[Form 4] Guidewire Software, Inc. Insider Trading Activity
Rhea-AI Filing Summary
James Winston King, Chief Administrative Officer and General Counsel of Guidewire Software (GWRE), reported the receipt and partial disposition of company stock following PSU vesting. On 09/15/2025 10,597 performance shares converted into 10,597 common shares. The next day, 09/16/2025, 7,149 shares were sold at an average price of $242.867 per share to cover taxes, reducing his beneficial ownership from 52,926 to 45,777 shares. The filing explains these PSUs reflect performance determinations: Part 1 achieved 101.8% of FY23 targets (adding 123 PSUs) with staggered time-based vesting, and Part 2 achieved 120% of FY25 targets (adding 1,377 PSUs) and met time-based vesting on 09/15/2025. The PSUs underlying the award convert into common stock and have an expiration date of 09/15/2032.
Positive
- 10,597 performance shares converted into common stock, reflecting realized compensation
- Performance conditions exceeded targets: 101.8% for FY23 and 120% for FY25, increasing PSUs earned
- Detailed disclosure provided on vesting schedule, performance adjustments, and PSU expiration (09/15/2032)
Negative
- 7,149 shares sold at an average of $242.867 to cover taxes, reducing direct beneficial ownership from 52,926 to 45,777
Insights
TL;DR: Routine insider vesting and tax-driven sale; performance targets exceeded, modest net increase in share count.

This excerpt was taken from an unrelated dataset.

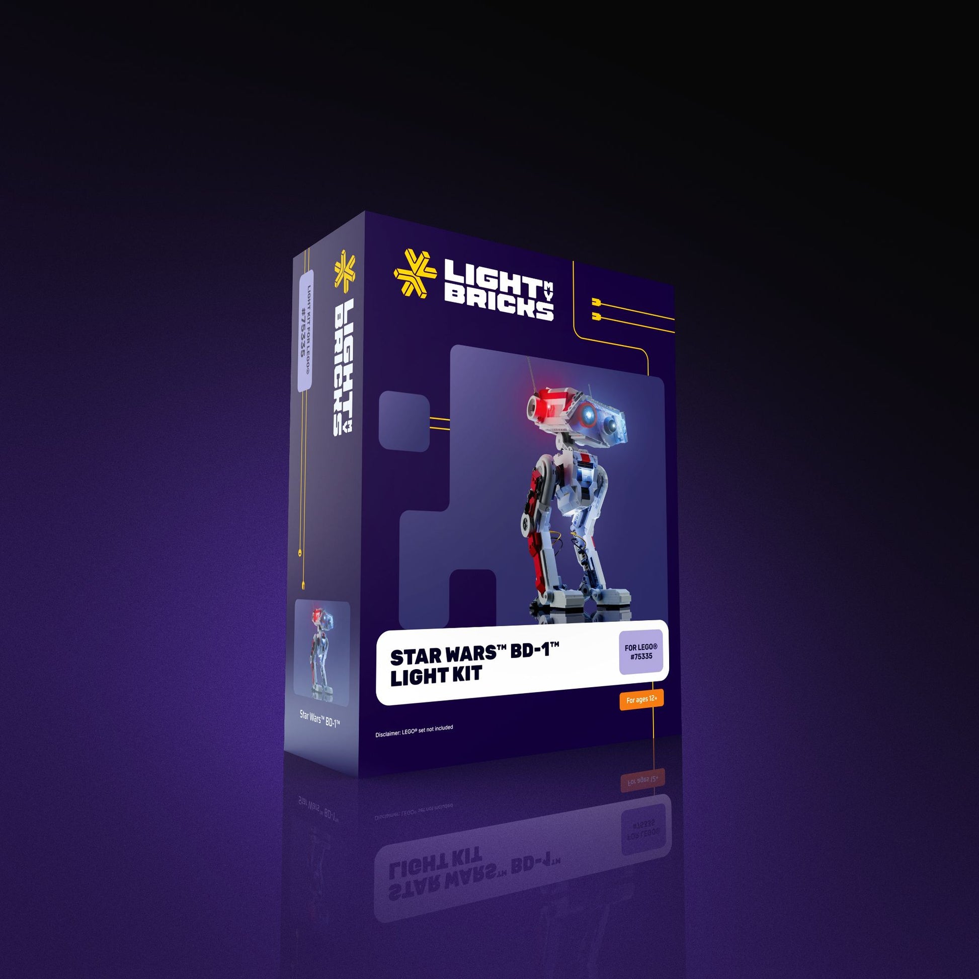 Packed with game-inspired features, you can take your LEGO® BD-1 to the next level with our advanced lighting kit! Bring your favourite droid to life with blue and white Astro Lights illuminating Star Wars BD-1's eyes. Add to this cool colour-changing lighting effects and a glowing green stim drawer. The rear computer panel shines with 9 vibrant lights, while cool white lighting adds a subtle glow to the chest, legs, and propulsion systems.

The report documents standard executive compensation mechanics: performance share units vested based on achievement of ARR targets, converting into 10,597 shares. A portion of those shares (7,149) were sold immediately to satisfy tax withholding, at an average sale price of $242.867 per share, which is consistent with employer tax-withholding practices. Beneficial ownership declined from 52,926 to 45,777 shares after the sale. The performance results—101.8% for FY23 and 120% for FY25—are material to the grant but the filing contains no financial performance metrics beyond those percentages.
TL;DR: Disclosure aligns with Section 16 timing and explains performance and vesting; transactions are administrative and non-suspicious.
The Form 4 provides required detail: conversion of PSUs, precise share counts, tax-related disposition, and an explanation of performance determinations and vesting schedule. The filing cites the Compensation Committee's determinations and identifies the expiration date for the awards. There are no indications of non-compliance, derivative hedging, or changes in control provisions in this document; it is a routine insider reporting of compensation realization and tax-related sale.